Faculty Advisor Dr. Stephen A. Angel, Chemistry

Abstract

Lewis structures of SO₂, SO₃, and SO₄^2-, are inconsistently presented in introductory chemistry textbooks.  These texts and several articles published in the Journal of Chemical Education either favor structures generated using the octet rule or those that reduce the formal charges on the constituent atoms.  It is the purpose of this study to elucidate the most relevant Lewis structure of each molecule using ab initio quantum chemical calculations.  Justification of the model chemistries are assessed by comparing experimental values to calculated vibrational frequencies, force constants, heats of formation, and dipole moments.  Using the empirically valid basis set and method, the relevant Lewis structure may be presented by analyzing bond lengths, population analysis methods, and additional output available in the software packages Gaussian ’03 and Spartan ’04.

Introduction

                Lewis structures of molecules provide easily constructed and essential models of molecules.  Since their introduction by G.N. Lewis in 1916, Lewis structures have performed a vital role in the field of chemistry, relaying information on the stability, physical properties, and the reactivity of molecules.  For some molecules, it is possible to draw more than one Lewis structure.  Each structure corresponds to a configuration with a distinct energy.  A high energy structure corresponds to an unstable arrangement while those of lower energy describe more stable configurations.  The actual structure of a molecule is a hybrid of all possible combinations; however, low energy (stable) structures contribute more heavily to the actual arrangement.

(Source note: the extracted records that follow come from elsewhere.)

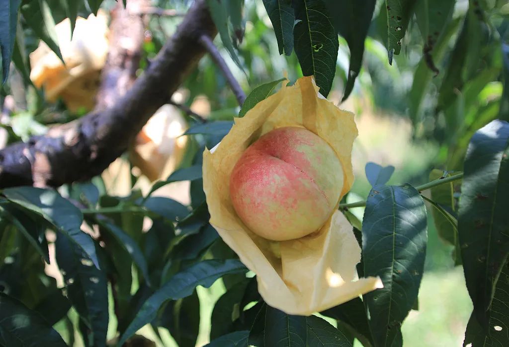 另一方面,更离不开阳山人自身的努力。走进桃林中,只见一个个用纸袋“套着”的水蜜桃挂满枝头,香甜四溢,扑面而来。“为保证每颗水蜜桃的品质,我们会采用纯物理方式防虫、防鸟、防晒伤,每个长势良好的蜜桃都需要进行人工套袋,保证蜜桃良好生长。”当地果农介绍说,如此成长起来的水蜜桃不仅外形美观,甜度也提升不少。
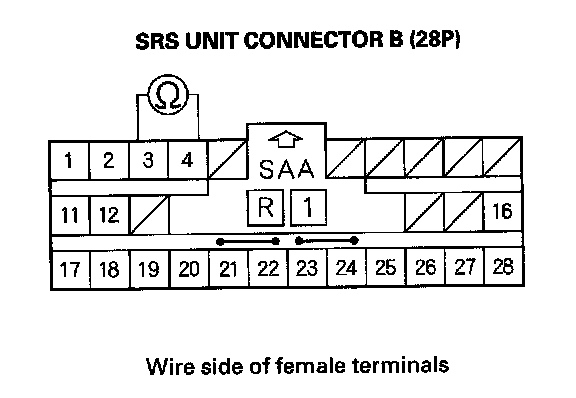 12. Measure the resistance between the No. 3 and the No. 4 terminal of SRS unit connector B (28P). There should be 2.0-3.0 ohms.
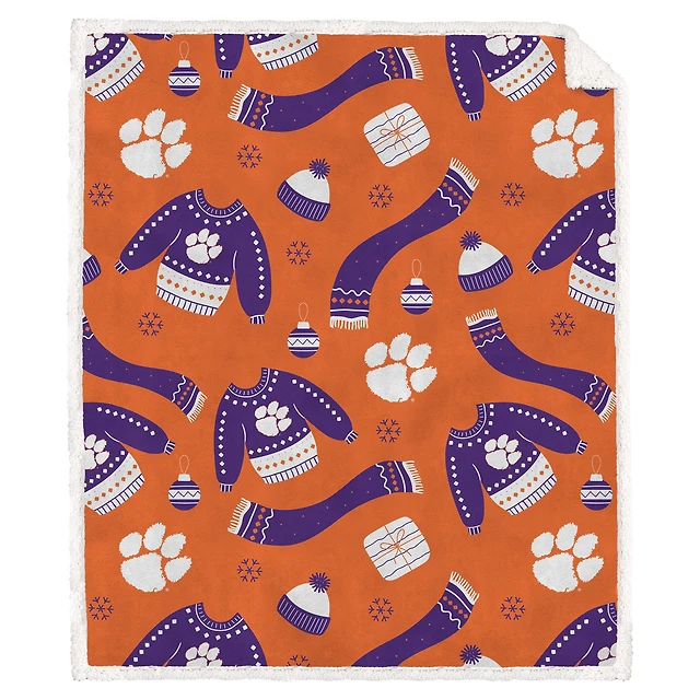 Couverture Sherpa en flanelle polaire Pegasus Clemson Tigers 60 x 70 po Ugly Sweater
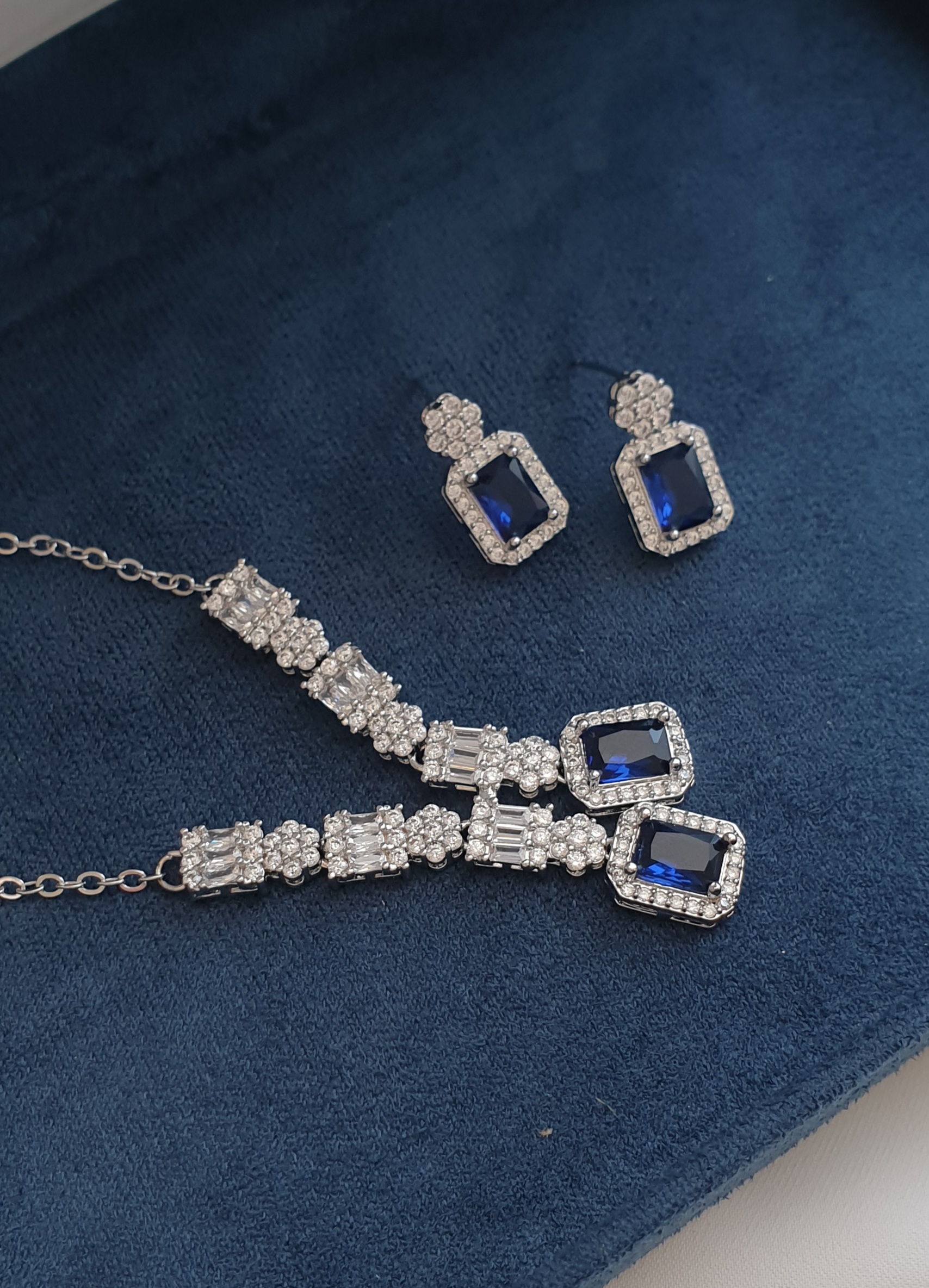 این نیمست زیبا که با سنگهای اتمی و باگت سفید و نگین مربعی آبی سرمه ای ساخته شده ،که بسیار درخشان و با کیفیتند. زنجیر کار آبکاری رادیوم دارد که بسیار براق ومشابه طلاست

                Despite their importance, the presentation of Lewis structures in introductory chemistry courses is marked with ambiguity.  There are two rules of thumb used to generate Lewis structures.  The first is the octet rule which states that all atoms in a molecule are to be surrounded by eight electrons (with the exception of hydrogen which may be surrounded by only two).  The second is the minimalization of the formal charges on the constituent atoms (assigning the number of electrons to each atom that is sufficient to balance the nuclear charge).  For many molecules, it is possible to generate the most stable Lewis structure using these trends.  However, there exist some molecules and ions for which the two rules support contrasting structures.  These molecules require further experimental or theoretical information in order to compose the most stable structure.  Such is the case for the molecules sulfur dioxide (SO₂), sulfur trioxide (SO₃), and the sulfate ion (SO₄^2-).  The conflicting structures for each are give below:

Freshman chemistry texts often use these molecules as examples for Lewis structure construction.  Some of the texts favor the formal charge structures and others the octet structures.  Several studies published in the Journal of Chemical Education have also reached contradictory conclusions.  In one paper by Gordon H. Purser, the author states “Only Lewis structures that minimize formal charges and expand octets coincide exactly with the results of quantum mechanical modeling” (1).  Another study by Suidan et al. asserts “… the Lewis structures that most accurately represent these molecules are the original Lewis structures, which generally abide by the octet rule” (2).  Moreover, sulfur trioxide is used in the synthesis of sulfuric acid (battery acid), is one of the most potent oxidizing agents known, and is involved in the formation of acid rain.  The sulfate ion is a common constituent of many salts used universally in chemistry laboratories.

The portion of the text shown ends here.